> _Supplied records_
──────────

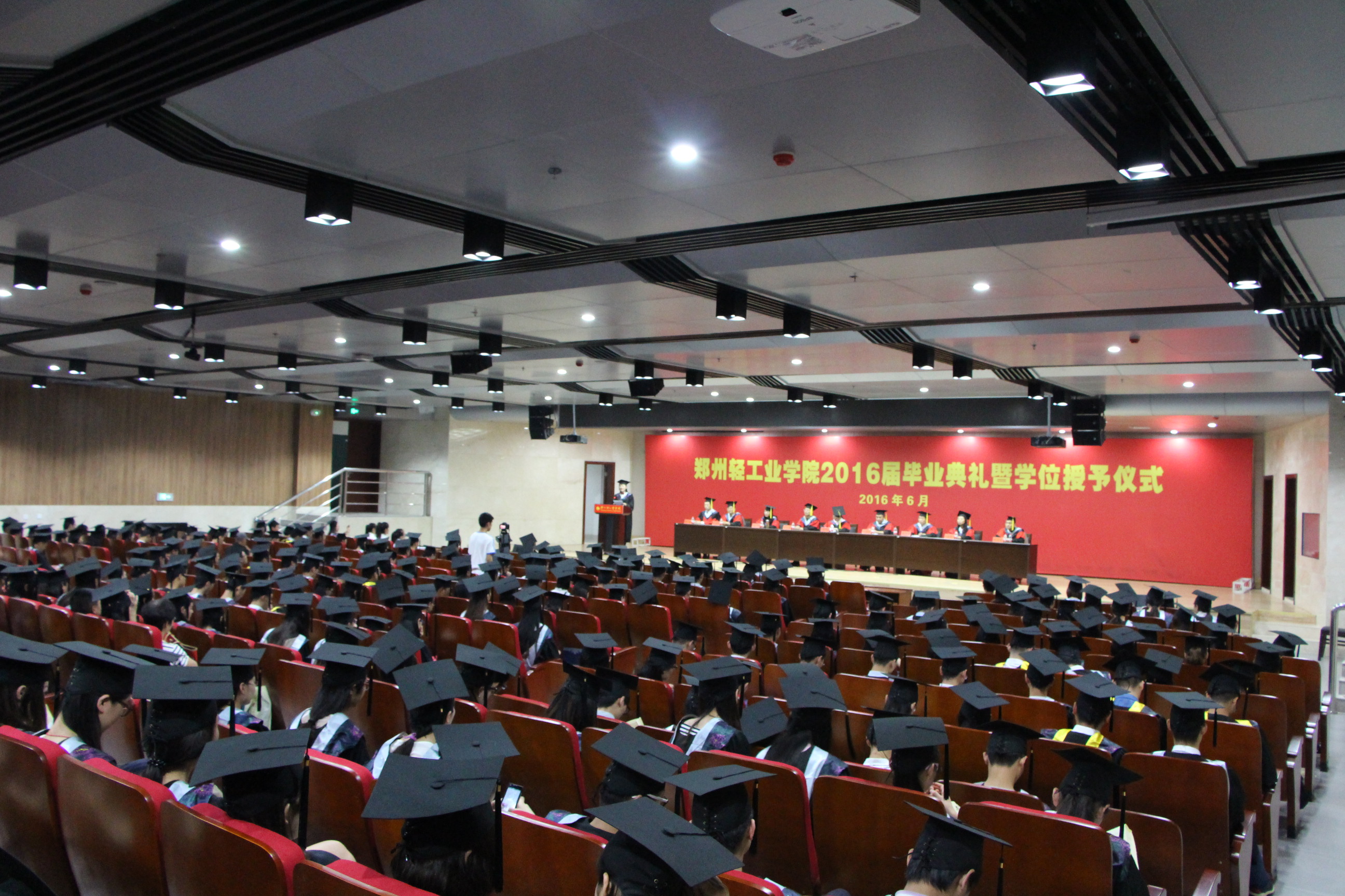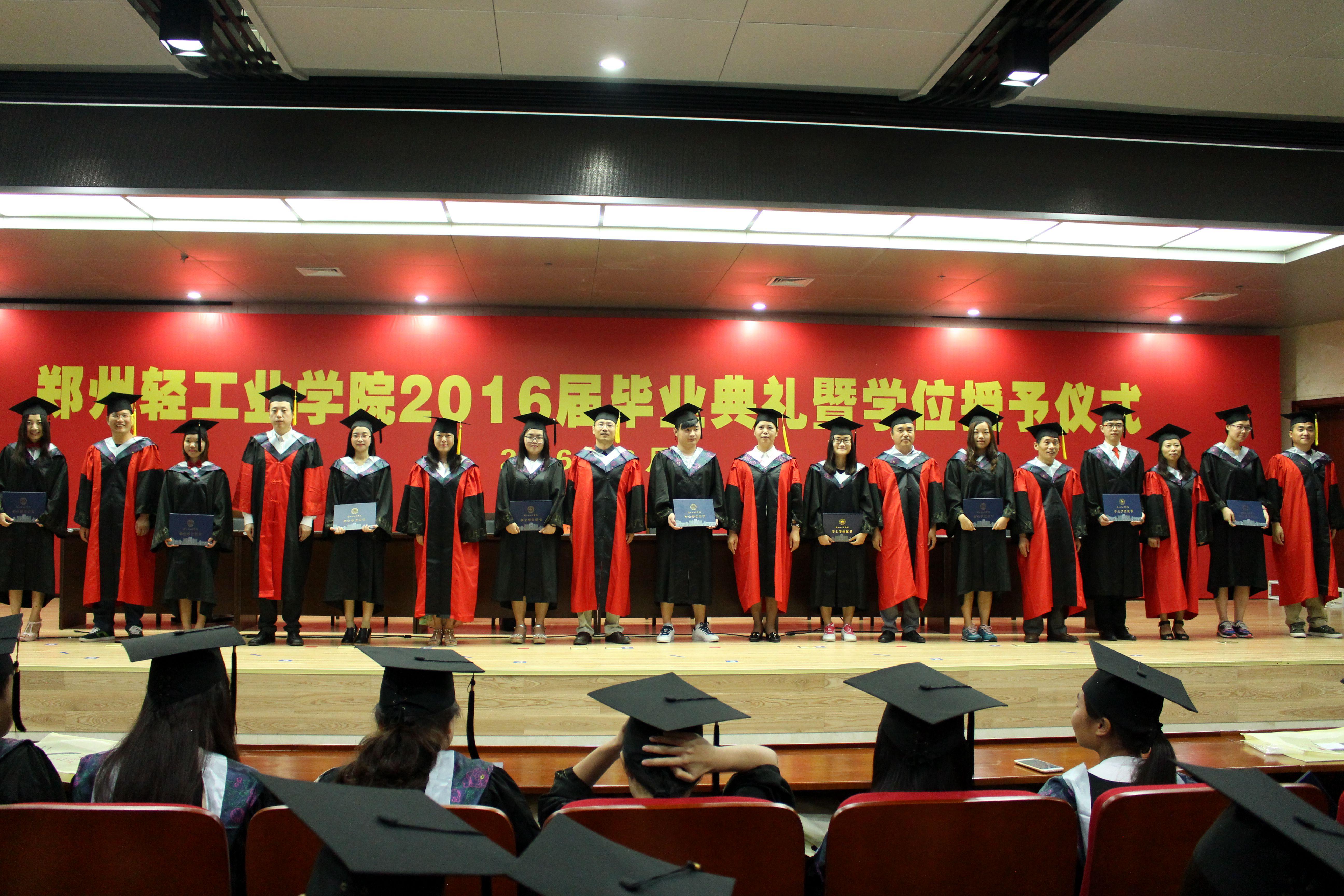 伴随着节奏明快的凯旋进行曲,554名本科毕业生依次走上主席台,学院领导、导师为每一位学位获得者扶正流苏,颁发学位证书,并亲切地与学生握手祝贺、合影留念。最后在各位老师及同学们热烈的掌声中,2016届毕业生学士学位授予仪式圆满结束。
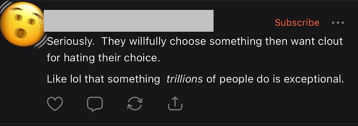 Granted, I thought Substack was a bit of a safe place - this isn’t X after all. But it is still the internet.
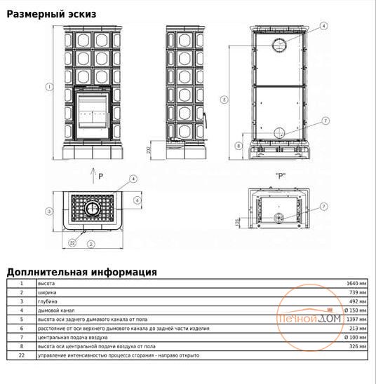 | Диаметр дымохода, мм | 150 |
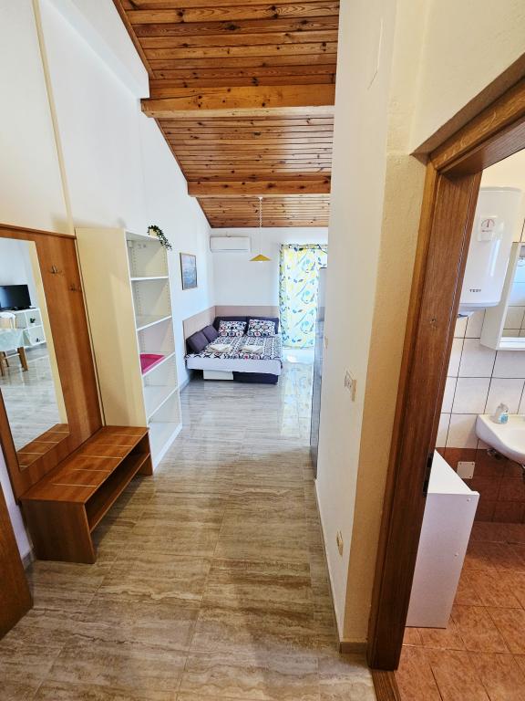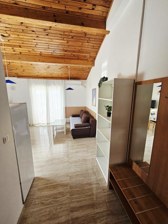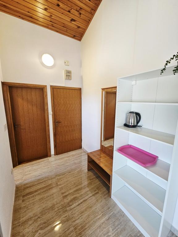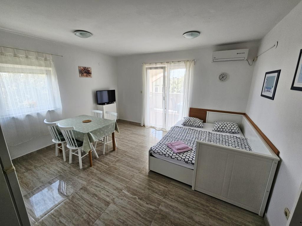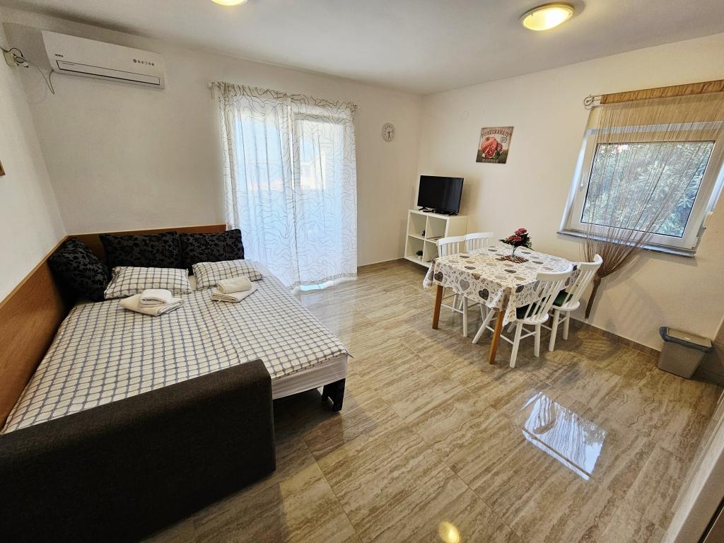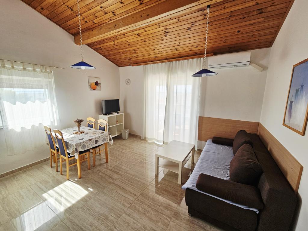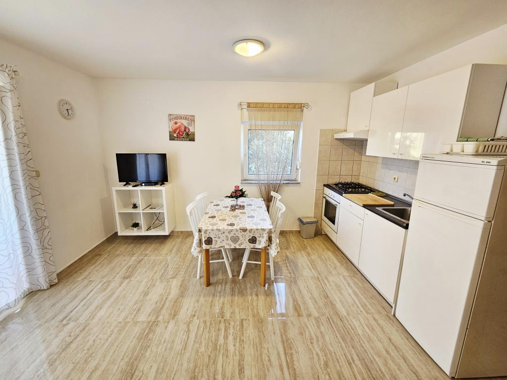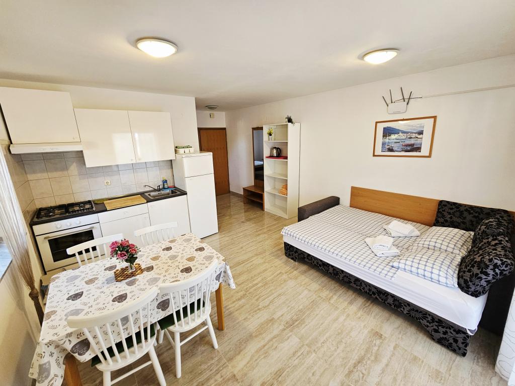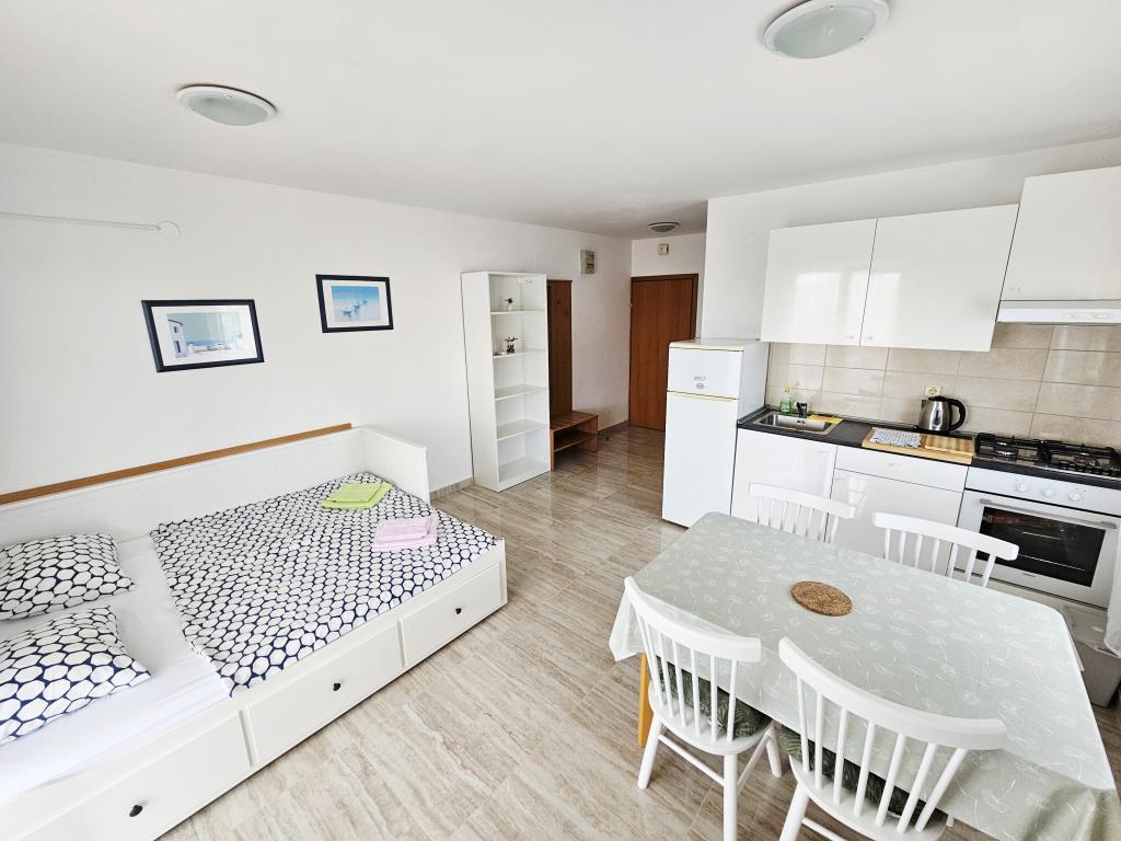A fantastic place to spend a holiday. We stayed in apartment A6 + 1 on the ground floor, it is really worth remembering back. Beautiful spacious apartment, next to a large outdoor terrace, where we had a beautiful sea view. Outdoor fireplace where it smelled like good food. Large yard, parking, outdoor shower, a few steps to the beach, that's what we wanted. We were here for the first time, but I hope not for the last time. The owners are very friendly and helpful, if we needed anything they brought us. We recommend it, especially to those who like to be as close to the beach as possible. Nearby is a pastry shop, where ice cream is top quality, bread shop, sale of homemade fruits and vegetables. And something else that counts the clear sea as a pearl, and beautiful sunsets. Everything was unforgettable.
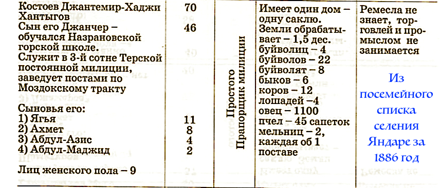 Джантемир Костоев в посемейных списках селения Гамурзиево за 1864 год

──────────

> _About this exercise_
Starting at the line above that holds "Granted, I thought", return each line up to and including the one that holds "дымохода, мм | 150 |", exactly as written, minus any pictures.

> _Result of the task_
 Granted, I thought Substack was a bit of a safe place - this isn’t X after all. But it is still the internet.
 | Диаметр дымохода, мм | 150 |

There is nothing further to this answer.